Here's what Shawn had to say about the ordeal:

"It's hard to live on the street, to get by without a home, a bathroom, or safety in your belongings. The City of Colorado Springs made living on the street even harder when they kept ticketing me for just holding my sign asking for help, and then locking me up for almost three months when I didn't have any money to pay those tickets. I was trapped in a cell that it seemed like I could never get out of. I was told over and over that I either had to pay or go back to jail. Without a home or a job, the cycle kept repeating."

To its credit, Colorado Springs agreed to end the unconstitutional debtor's prison practices that led to Shawn's incarceration and to pay a $103,000 settlement to compensate Shawn and others who spent time in jail for non-jailable offenses.

But Shawn's story is not unique. The ACLU of Colorado has discovered that across the state incarcerated municipal defendants often plead guilty without counsel at first appearance to crimes they did not commit.

In state and county courts, an attorney is available at that critical first appearance to advocate for the release of jailed defendants and to advise those defendants on pleas when jail is a possible sentence. But that counsel is denied in municipal courts, where jailed defendants must face the judge alone at first appearance, must make arguments for release alone, and must decide how to plead alone. This is especially troublesome for indigent defendants who are stuck in jail because they can't post bail. Those inmates face a terrible choice: either plead guilty without counsel in the hope of a prompt release on "time served," or ask for counsel and go back to jail to wait usually more than a week for the next court appearance.

This choice is particularly cruel because, unlike in state and county courts, the bulk of municipal defendants are charged with minor ordinance violations that pose no threat to public safety, such as park hours violations, sleeping in a car, or having a dog off leash.

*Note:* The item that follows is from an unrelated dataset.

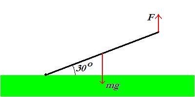Uppgift: En jämntjock stång som är 2,4 m lång är fritt rörlig kring en punkt på marken. Stången väger 12 kg och hålls uppe av en kraft F. Hur stor är kraften F? (svara med 2 värdesiffror)
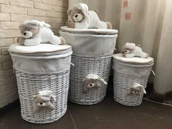 Корзины (плетеные, тканевые) послужат и элементом декора и местом для хранения игрушек. Плетеные корзинки вписываются в атмосферу эко стиля, ретро стиля, кантри, прованс и т.д. Тканевая корзина подойдет к любой стилевой направленности помещения.

As a result of their uncounseled pleas, municipal defendants often go on to experience dire consequences -- including obstacles to employment, housing, and government benefits -- that were never explained to them, due to the lack of counsel.

Governor Hickenlooper can help solve this problem by signing a bipartisan bill (HB 1309) passed this session by nearly three-fourths of the legislature, now waiting on his desk. HB 1309 will ensure legal counsel at first appearance to the most vulnerable municipal defendants, will mandate all defendants in Colorado have the same access to counsel, and will bring Colorado's municipal courts in line with Constitutional standards. It is an important civil liberties protection that will reduce the number of poor and homeless defendants, like Shawn Hardman, who are wrongly punished for crimes they didn't commit. The Governor should sign it without delay.